Helsinki-NLP / OPUS-MT-train

Training open neural machine translation models
MIT License
312 stars 39 forks source link

Multilingual Tuned Model Translating everything to "sssssssss" #79

Open hdeval1 opened 1 year ago

hdeval1 commented 1 year ago

I was able to successfully tune a multilingual model utilizing data for one of the included languages. Unfortunately, when the translations are run through the model, they all result in "ssssss" (even if a blank line is sent). I can't find anything about this happening with Marian models after tuning and can't seem to figure out the issue. The source and target data files all look fine, & there are no errors in the tuning process. Have you ever seen this happen at all, or have any idea on what it could be? I am really stuck. Thank you!

jorgtied commented 1 year ago

That is weird. Maybe fine-tuning ran for too long on very smallish data sets and the model heavily overfitted to the fine-tuning data set and forgot everything else? Did you see strange perplexity scores during fine-tuning?

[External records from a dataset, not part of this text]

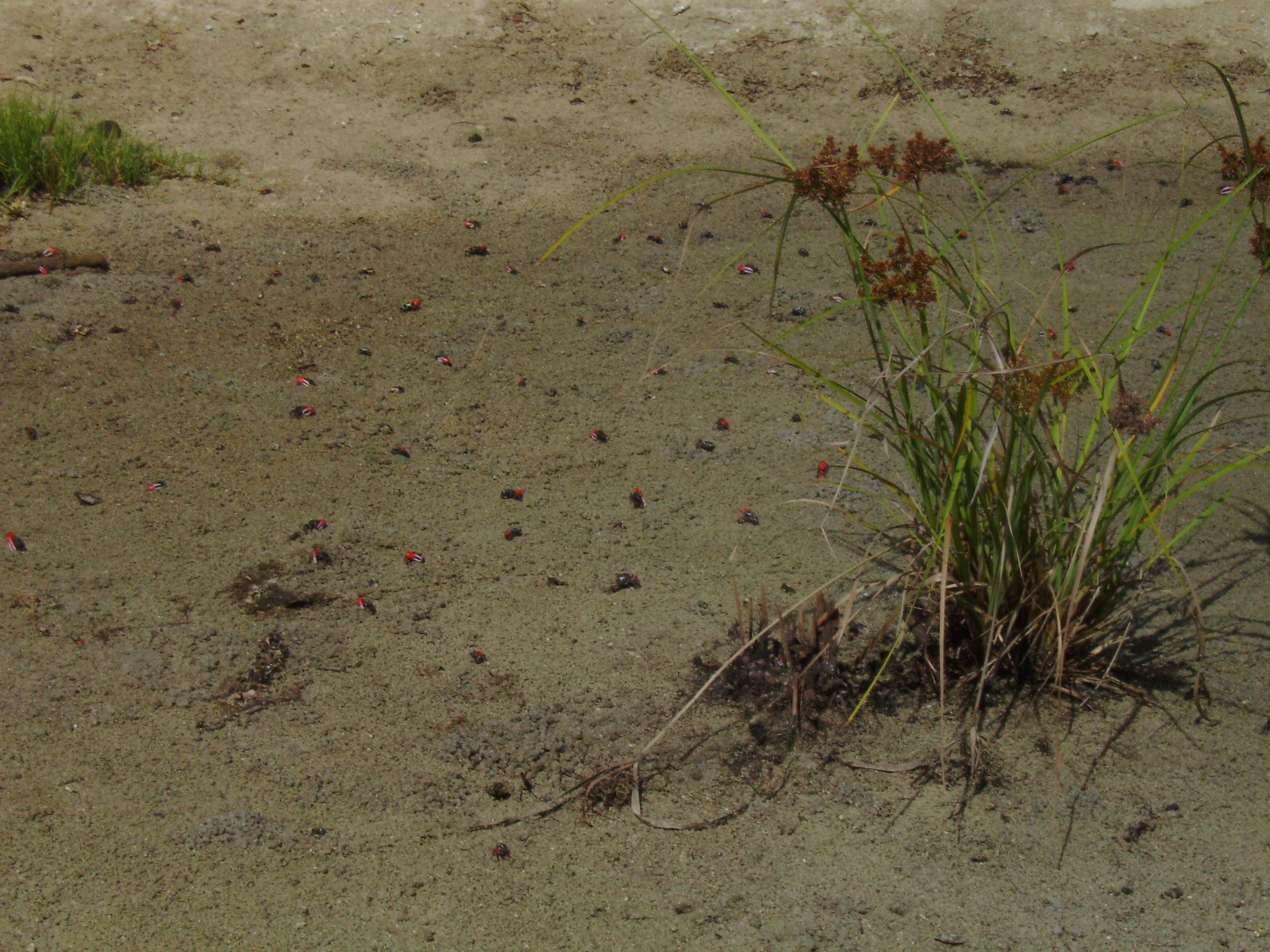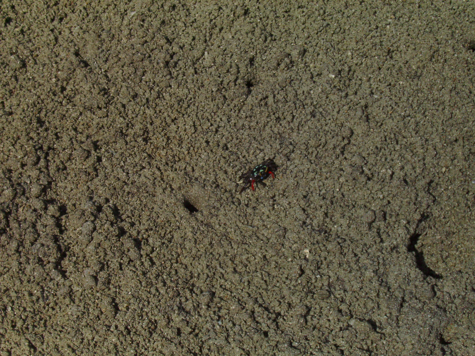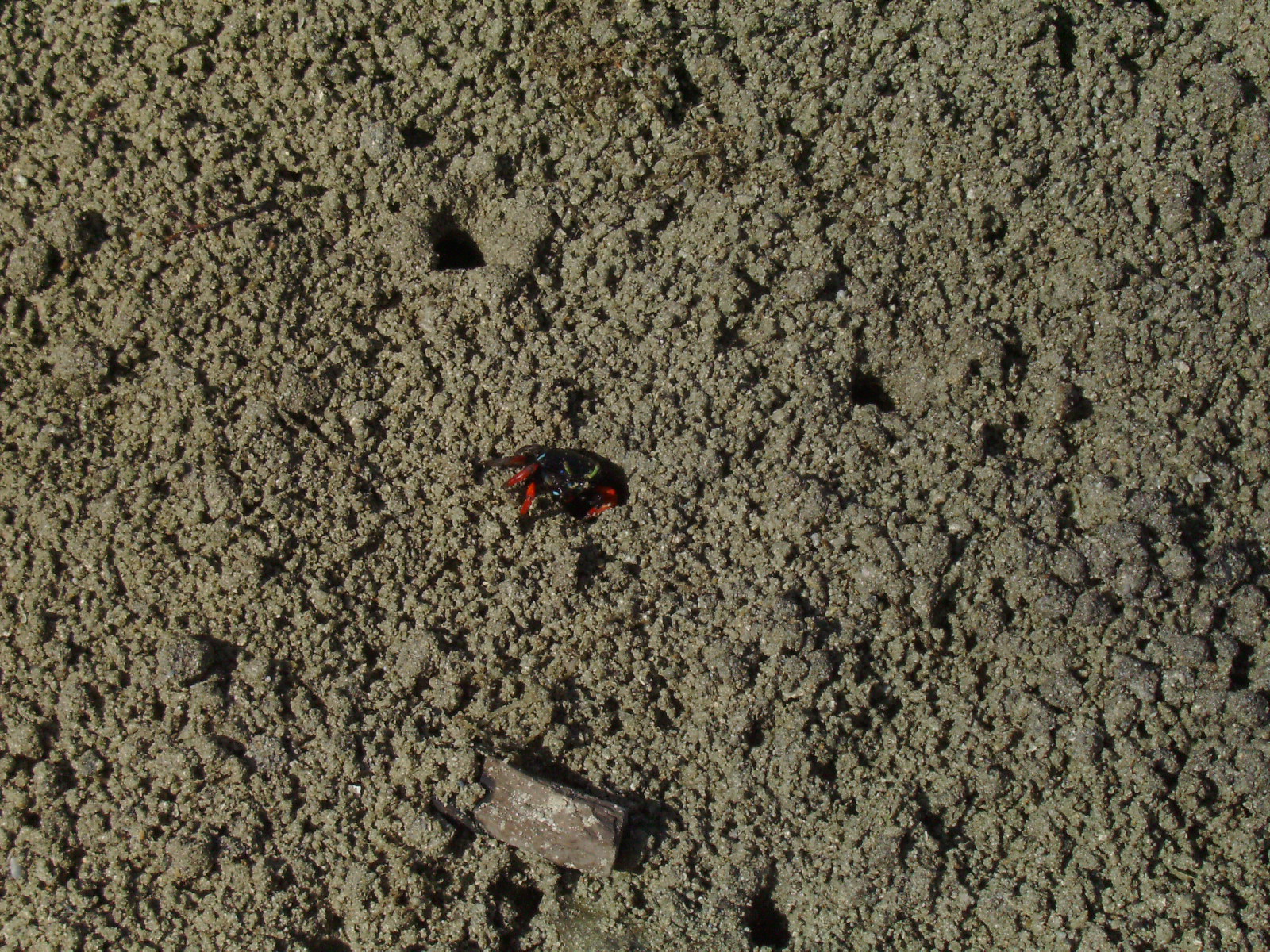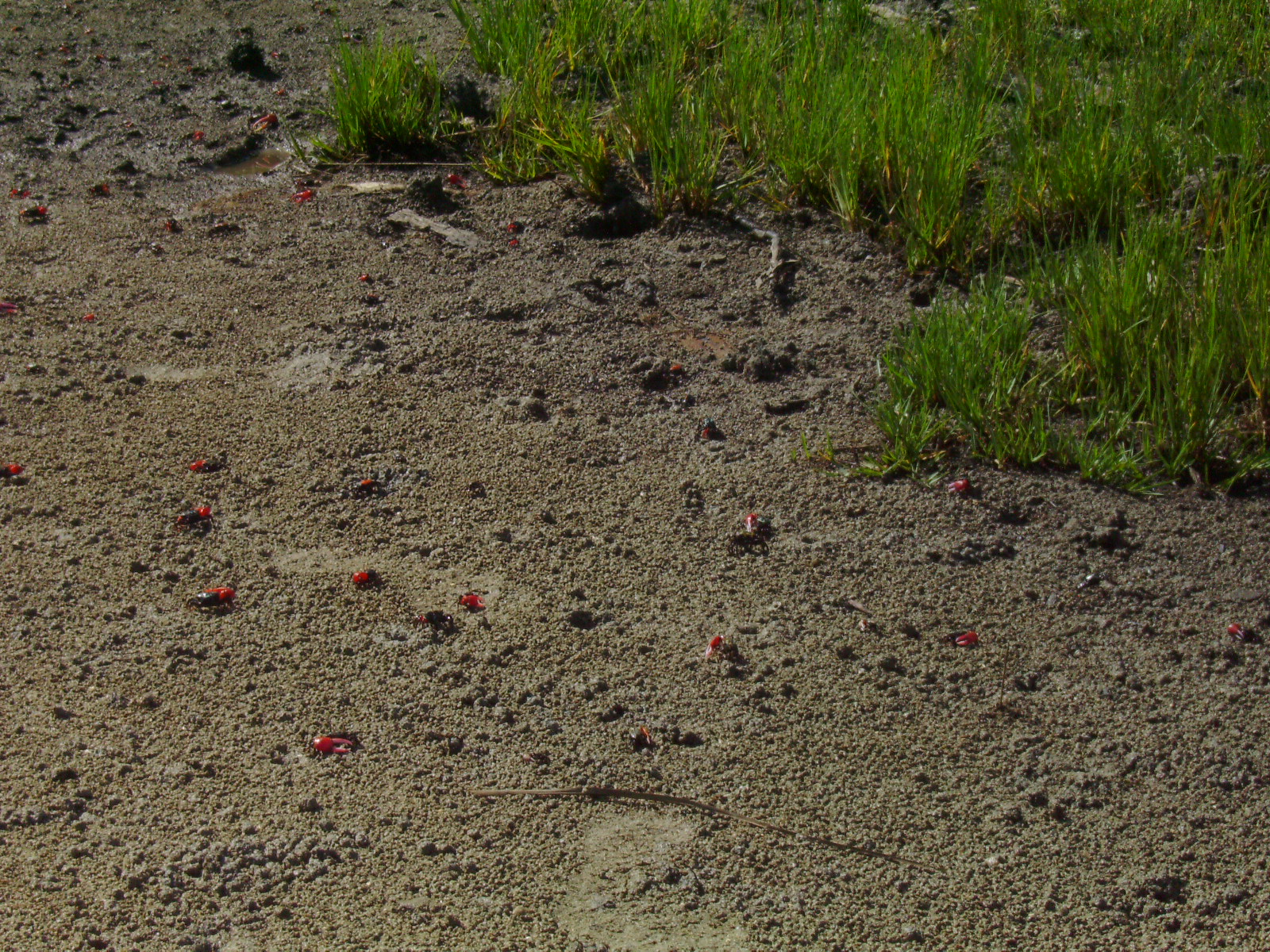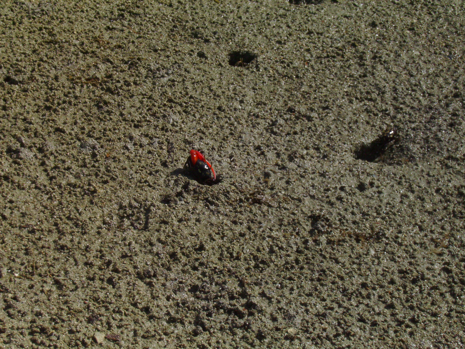D’une grande densité lorsque les conditions lui sont favorables, on peut en compter jusquà 60 au mètre carré. Prudent, ce crabe s’enfouis à faible profondeur à l’appproche de l’observateur.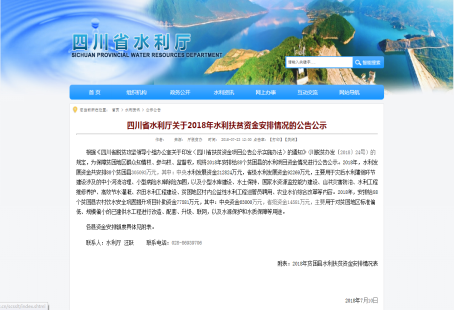 二是加强实施乡村振兴战略的政策、成效、资金、项目安排等信息公开,主动接受群众和社会监督。按照《四川省脱贫攻坚领导小组办公室关于印发〈四川省扶贫资金项目公告公示实施办法〉的通知》要求,在猫都论坛 门户网站对全省水利扶贫资金进行了公示。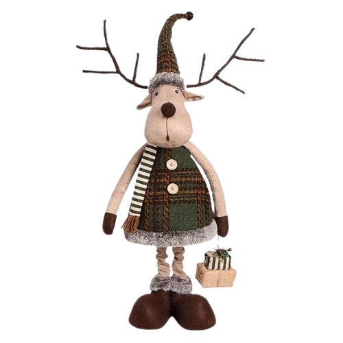 Dekoracja świąteczna stojąca renifer na teleskopowych nogach z prezentem h:105cm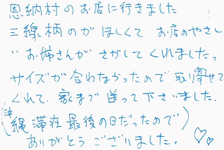 恩納村のお店に行きました。三線柄のがほしくてお店のやさしいお姉さんがさがしてくれました。サイズが合わなかったので取り寄せてくれて、家まで送って下さいました。(沖縄滞在差後の日だったので)ありがとうございました。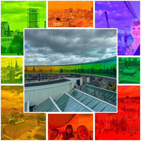 Since we decided on different types of museums today, our next stop was the iconic ARoS Aarhus Art Museum. The “Your rainbow panorama” offered a kaleidoscope of colors that seemed to change with every step. It was an area at the very top of the modern work glass that changed with every few steps we made. Looking outside it changed the color of the world.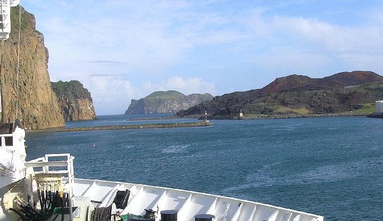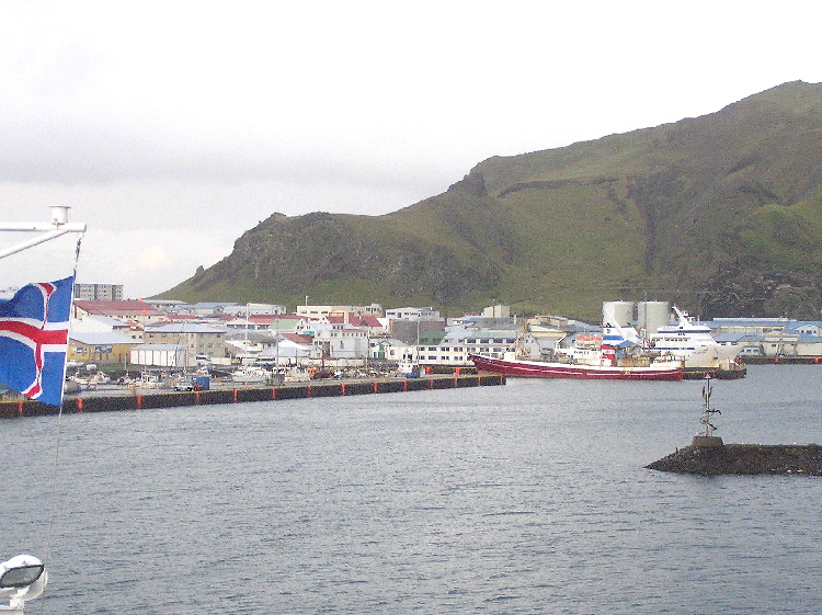 ![]() Arriving Heimaey, Westmann Islands, Iceland 8/30/08 | destroyed much of Heimaey and almost closed the narrow port entrance. (See,eg,One person's story) |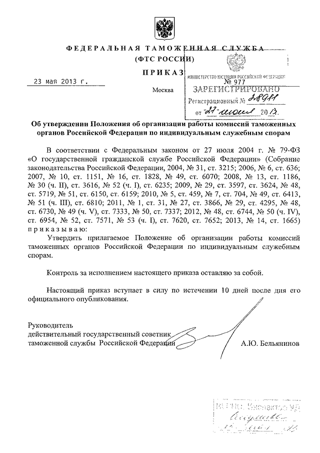 ПРИКАЗ ФТС РФ от 23.05.2013 N 977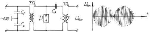 При подключении питания к осциллятору трансформатор ТРС повышает напряжение, конденсатор С3 заряжается. При определенном напряжении на конденсаторе С3 происходит пробой разрядника Р и конденсатор С3 через разрядник разряжается на индуктивность L первичной обмотки трансформатора ТРВ. В цепи возникает затухающий колебательный процесс.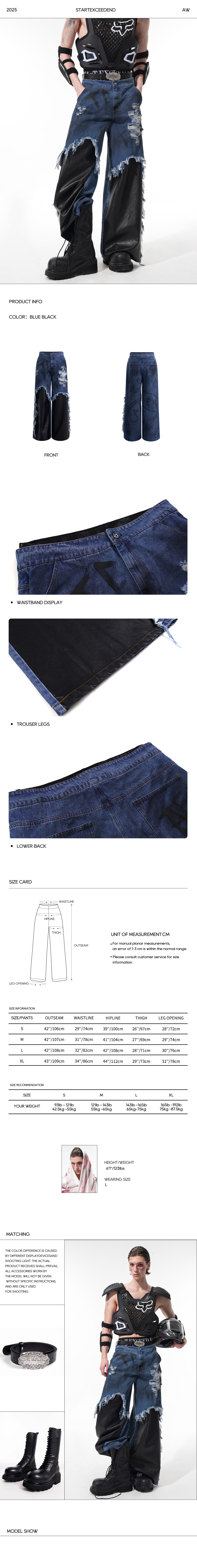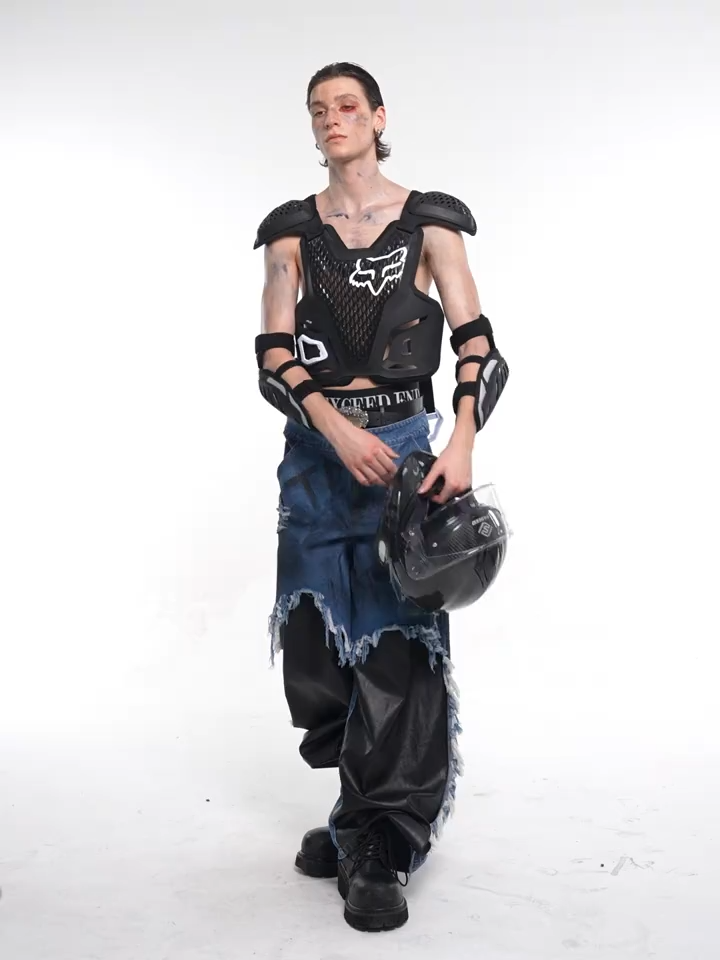 Break all the rules with the Deconstructed Hybrid Wide-Leg Jeans. A fearless experiment in texture, this piece from START EXCEED END fuses vintage workwear with industrial edge.

hdeval1 commented 1 year ago
[2022-09-01 15:00:07] Allocating memory for Adam-specific shards
[2022-09-01 15:00:07] [memory] Reserving 343 MB, device cpu0
[2022-09-01 15:06:27] Seen 2,467 samples
[2022-09-01 15:06:27] Starting data epoch 2 in logical epoch 2
[2022-09-01 15:12:58] Seen 2,467 samples
[2022-09-01 15:12:58] Starting data epoch 3 in logical epoch 3
[2022-09-01 15:19:30] Seen 2,467 samples
[2022-09-01 15:19:30] Starting data epoch 4 in logical epoch 4
[2022-09-01 15:26:01] Seen 2,467 samples
[2022-09-01 15:26:01] Starting data epoch 5 in logical epoch 5
[2022-09-01 15:32:32] Seen 2,467 samples
[2022-09-01 15:32:32] Starting data epoch 6 in logical epoch 6
[2022-09-01 15:32:32] Training finished
[2022-09-01 15:32:51] Saving model weights and runtime parameters to /OPUS-MT-train/work-tatoeba/mul-eng/opus-tuned4afr2eng.spm1k-spm1k.transformer-align.model1.npz.best-perplexity.npz
[2022-09-01 15:32:51] [valid] Ep. 6 : Up. 150 : perplexity : 700.626 : new best
[2022-09-01 15:32:51] Saving model weights and runtime parameters to /OPUS-MT-train/work-tatoeba/mul-eng/opus-tuned4afr2eng.spm1k-spm1k.transformer-align.model1.npz
[2022-09-01 15:32:52] Saving Adam parameters
[2022-09-01 15:32:54] [training] Saving training checkpoint to /OPUS-MT-train/work-tatoeba/mul-eng/opus-tuned4afr2eng.spm1k-spm1k.transformer-align.model1.npz and /OPUS-MT-train/work-tatoeba/mul-eng/opus-tuned4afr2eng.spm1k-spm1k.transformer-align.model1.npz.optimizer.npz

It looked like it only went through one round? What is even weirder is the compare file (Tatoeba-test-v2021-08-07.afr-eng.opus-tuned4afr2eng.spm1k-spm1k1.transformer-align.afr.eng) shows the translations as the ssss and blank lines:

sssssssssssssssssssssssssssssssss

sssssssssssssssssssssssssssssssssssssssssssssssssssssssssssssssssssssssssssssssssssssssssssssssssssssssssssssssssssssssssssssssssssssssssssssssssssssssssssssssssssssssssssssssssssssssssssssssssssssssss

sssssssssssssssssssssssssssssssss

sssssssssssssssssssssssssssssssssssssssssssssssssssssssssssssssssssssssssssssssssssssssssssssssssssssssssssssssssssssssssssssssssssssssssssssssssssssssssssssssssssssssssssssssssssssssssssssssssssssssss

sssssssssssssssssssssssssssssssss

sssssssssssssssssssssssssssssssssssssssssssssssssssssssssssssssssssssssssssssssssssssssssssssssssssssssssssssssssssssssssssssssssssssssssssssssssssssssssssssssssssssssssssssssssssssssssssssssssssssssss

And then of course the eval file records the bleu score as 0. I double checked all the data...I used about 1500 lines of afr-eng data to finetune mul-eng model). I am really at a loss here because I can tune monolingual models just fine using the same steps. Do you have anymore insight?